Redfang is a tool that brute-forces Bluetooth BD addresses in order to communicate with devices in nondiscoverable mode. RedFang accomplishes this by iterating through a user supplied range of device addresses and attempting to do a read_remote_name() on each one. If an address belongs to a Bluetooth device in the area, then the read_remote_name() call will return the device's name. A malicious person can then use this information to attack the device even if it's non-discoverable. To speed up the process, Redfang supports the user of multiple Bluetooth adapters to scan the supplied address range. Each adapter then scans disjoint portions of the address range [4]. This tool is at a proof-of-concept development stage.

6.16.

Tbear

T-BEAR, the Transient Bluetooth Environment AuditoR, is a suite of programs used to audit Bluetooth devices.
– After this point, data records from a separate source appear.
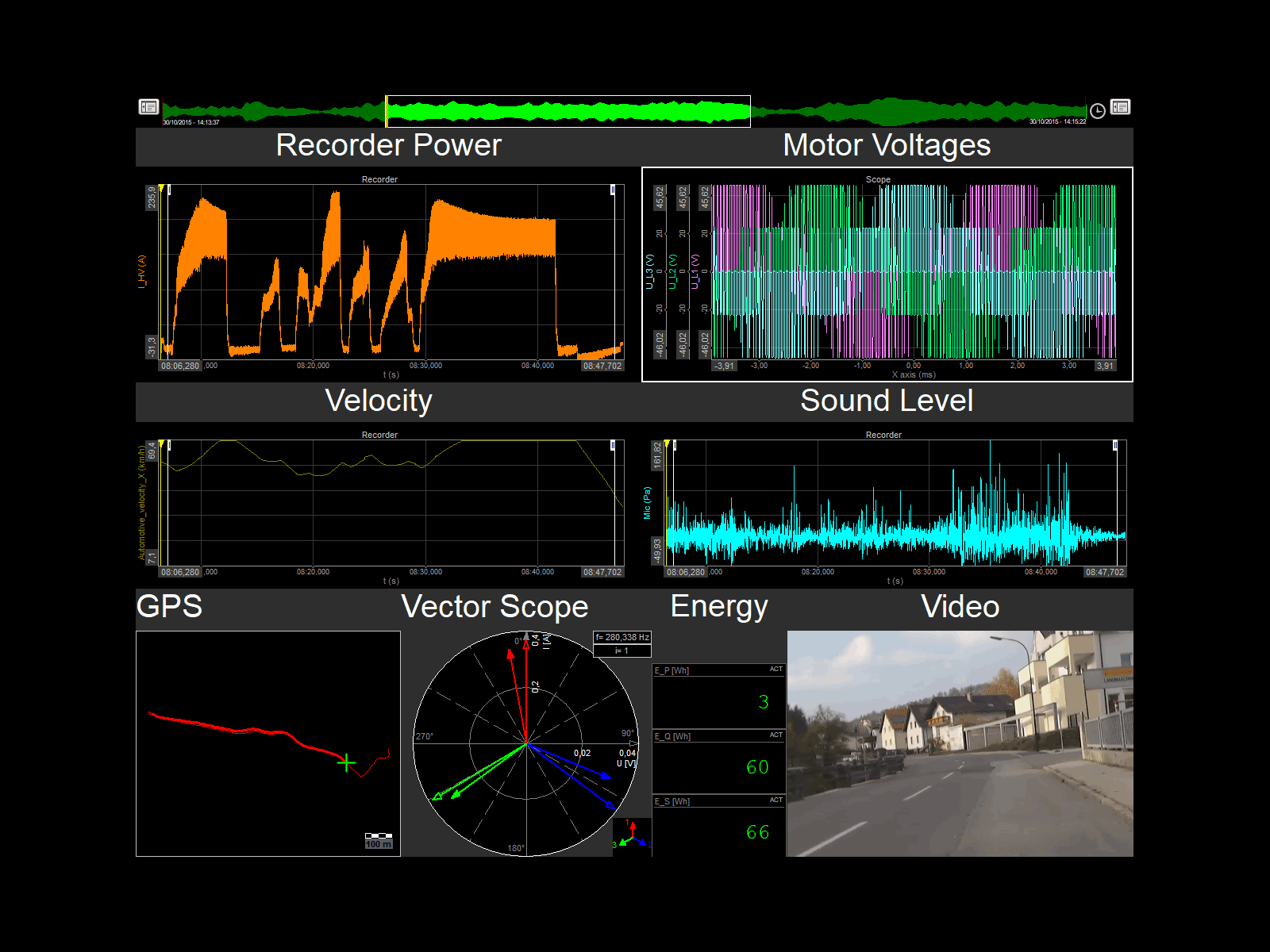 DEWESoftのパワーアナライザは、トルク,速度,騒音,温度,振動といった機械特性値も同期して計測できます。これにより電力と並行して熱,NVH,効率の計算も実行できます。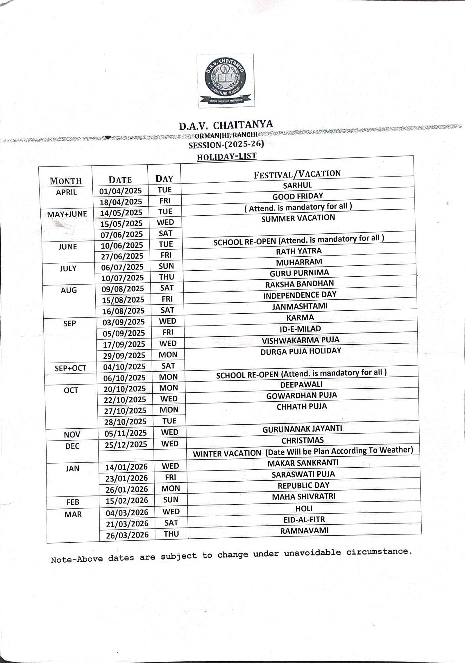 Copyright @ 2026 | DAV CHAITANYA, ORMANJHI, RANCHI | All rights reserved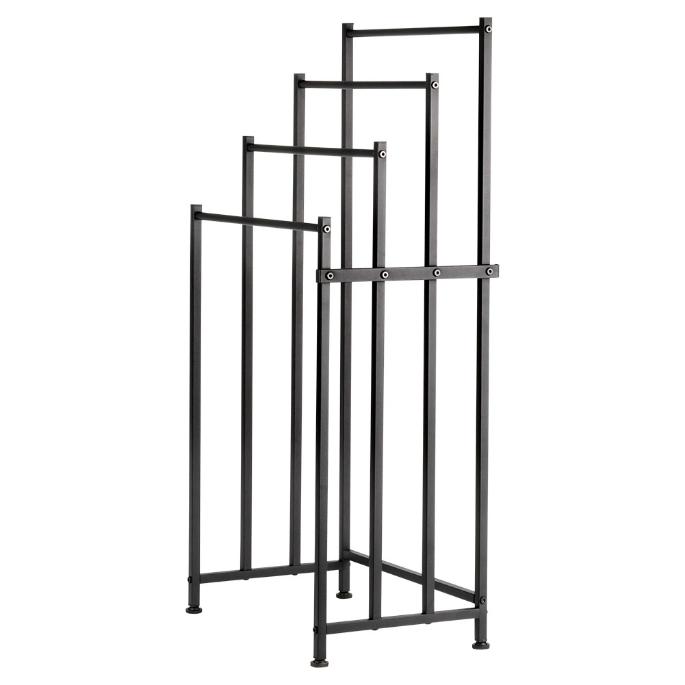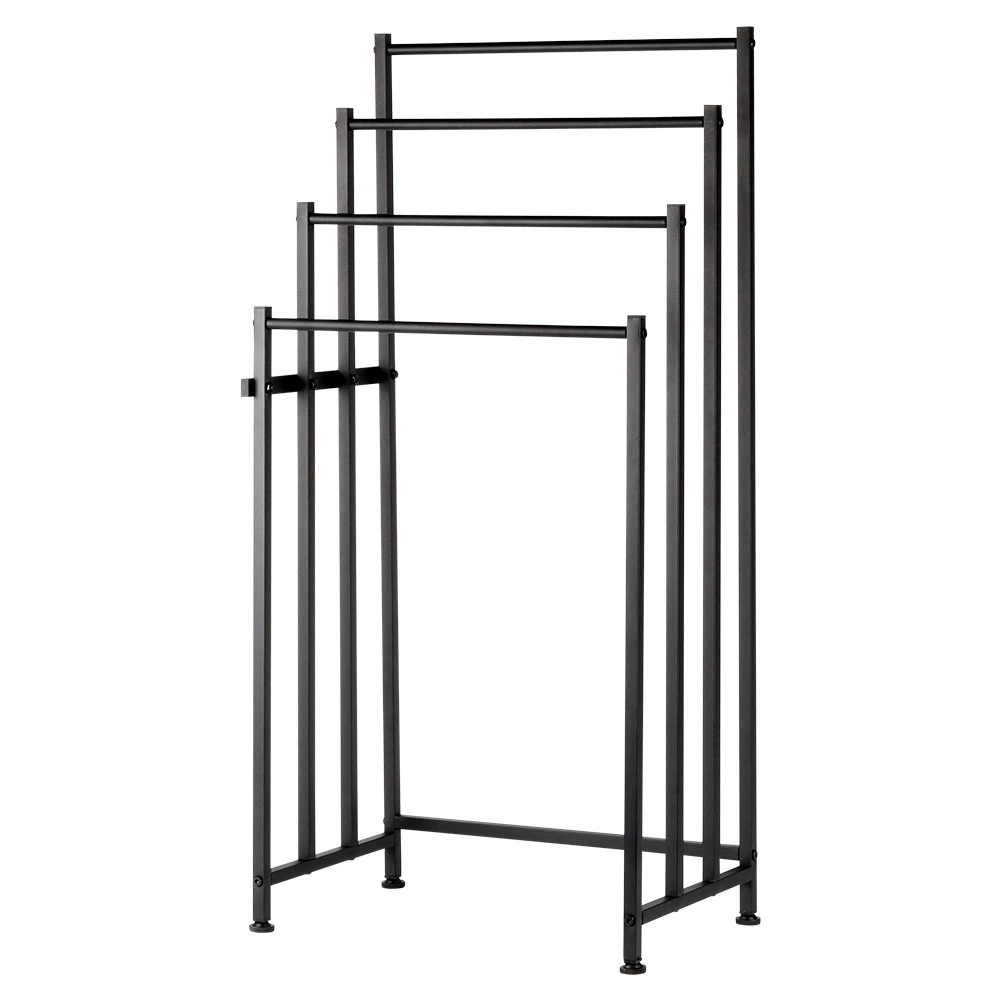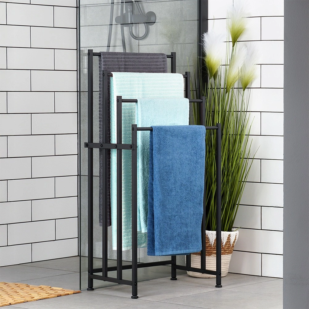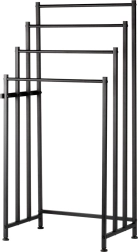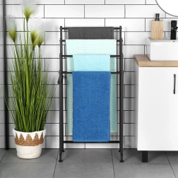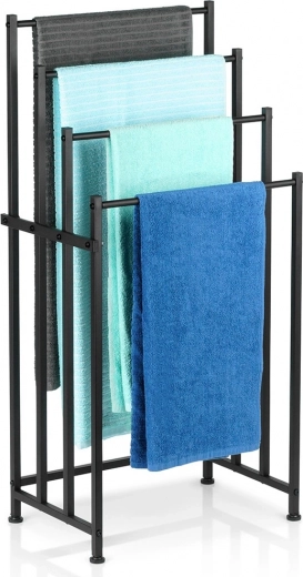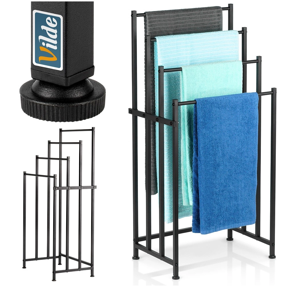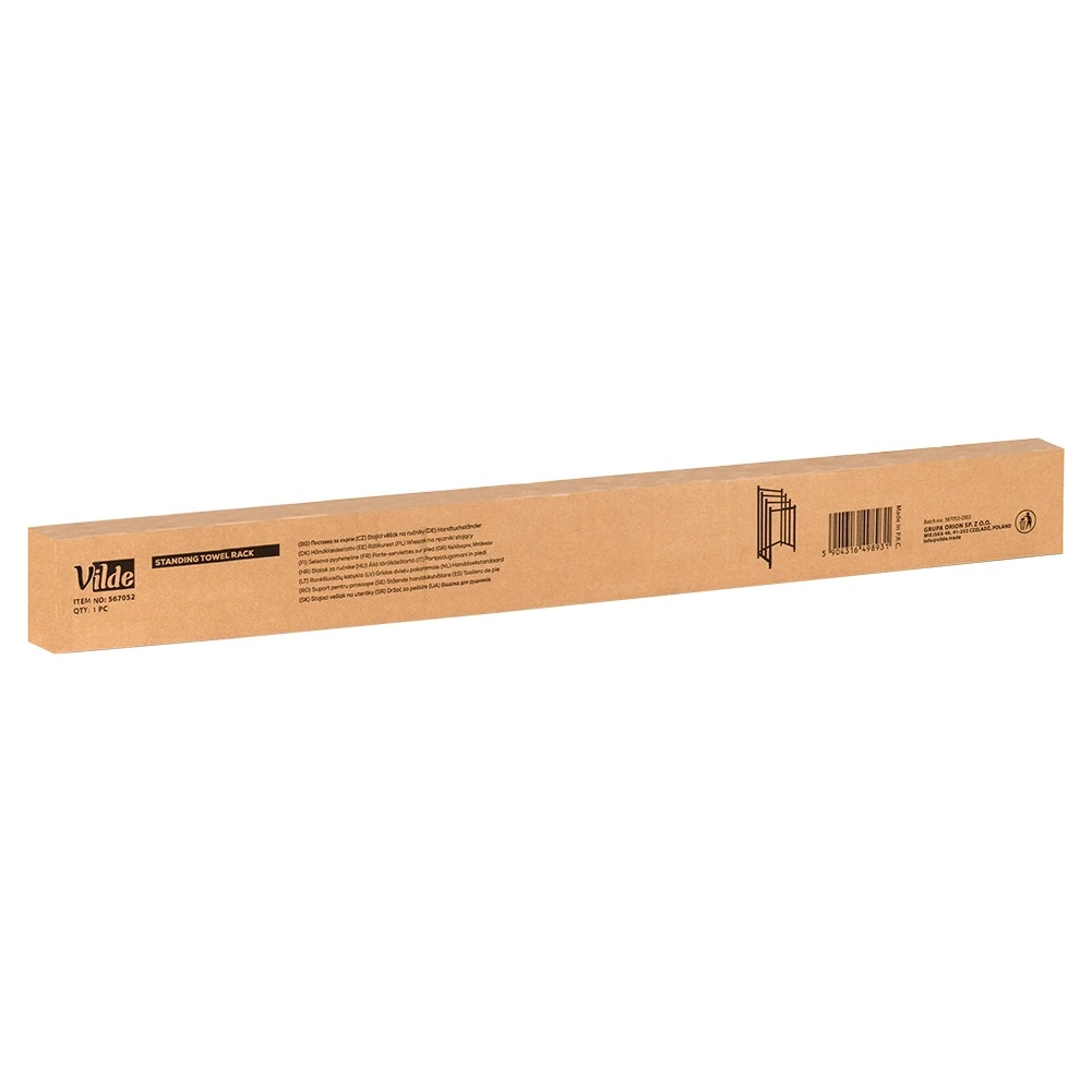 Brīvi stāvošais metāla dvieļu statīvs Vilde ir praktisks risinājums jebkurai vannasistabai. Četras izturīgas šķērstīpas ļauj izkārt vairākus dvieļus vienlaikus vairākos līmeņos ātrākai izžūšanai un labākai gaisa cirkulācijai. Pulverkrāsots metāls elegantā melnā tonī piešķir interjeram modernu lofta raksturu.

T-BEAR currently consists of a graphical Bluetooth discovery tool called 'tbear' and a L2CAP layer ping DoS program called 'tanya'. In addition, it also features a tool to discover devices in non-discoverable mode called 'tbsearch'. This program works similarly to Redfang to brute-force BD addresses of non-discoverable devices in order to attack them. However, instead of scanning across a user supplied address range, it uses a list of known Bluetooth device OUIs and searches through the 3 byte address range of each of those. This improves its efficiency incredibly.

6.17.

Bluetooth Stack Smasher

Bluetooth Stack Smasher (BSS) is a L2CAP protocol fuzzer designed to identify implementation weaknesses in Bluetooth devices. BSS is designed to transmit malformed L2CAP frames with a standard Bluetooth dongle on Linux systems. The malformed frames are designed to trigger and identify vulnerabilities in Bluetooth stack implementations, often resulting in denial of service conditions. Through the use of BSS, several L2CAP implementation weaknesses have been discovered in common devices.

6.18.

Sony/Ericsson L2CAP Length Field DoS

Certain models of Sony/Ericsson phones are vulnerable to a DoS attack involving L2CAP frames with invalid header lengths. By sending a malformed L2CAP frame to certain models of Sony/Ericsson phones, it is possible to cause the device to lock-up. This is done by creating an L2CAP frame with an improperly set length field. For instance, it is possible to send an L2CAP echo frame to the device, which is 4 bytes in length but set the length field in the frame to 1 byte. When an affected device receives the frame its screen will either go blank or the device will halt. Known affected phone models are: • Sony/Ericsson K600i • Sony/Ericsson V600i • Sony/Ericsson W800i In addition, other Sony/Ericsson models may be affected. Currently a fix for this issue is unavailable. To protect himself from this issue, user should disable the affected device's Bluetooth functionality.

6.19.

Blueline

Blueline is the name given to a vulnerability that affects some models of Motorola phones. It allows an attacker to obscure information displayed in some connection request authorization dialogs. The Motorola PEBL, V600, and E398 cellular phones are vulnerable to an issue involving its user interface that may allow an attacker to trick a user into accepting a connection from a malicious device. These phones have two voice gateways. One of these, The "Headset Audio Gateway" profile operating on channel 3, does not require a device to be paired to connect to it. However, to connect to channel 3 the attacking device does need to be within the affected device's "Device History" list. This can be accomplished by performing a HeloMoto attack on the device. Once a connection to channel 3 has been made the device presents the user with a simple prompt asking if the remote device should be allowed to connect. This dialog takes the form of: Requests Voice Gateway? (Grant or Deny) The problem stems from the fact that control characters in the remote Bluetooth device's name are not sanitized. This can allow an attacker to affect how the prompt is displayed and obscure its intent. For example, an attacker can insert multiple '\n' characters to format the Bluetooth device name in such a way that the "Request Voice Gateway?" portion of the prompt is completely off-screen. Therefore the attacker can use a

Bluetooth device name that does this and also creates the appearance of another dialog prompt. Once the attacker has tricked the user into accepting the connection, they then gain AT command access to the phone.

6.20.

Nokia N70 Malformed L2CAP Frame DoS

The Nokia N70 is vulnerable to a denial of service involving malformed L2CAP frames with unknown properties. The Nokia N70 contains a vulnerability that causes a DoS condition when a malformed L2CAP frame is received by the device's Bluetooth interface. This can cause the device to become unresponsive and to display a "System Error" message.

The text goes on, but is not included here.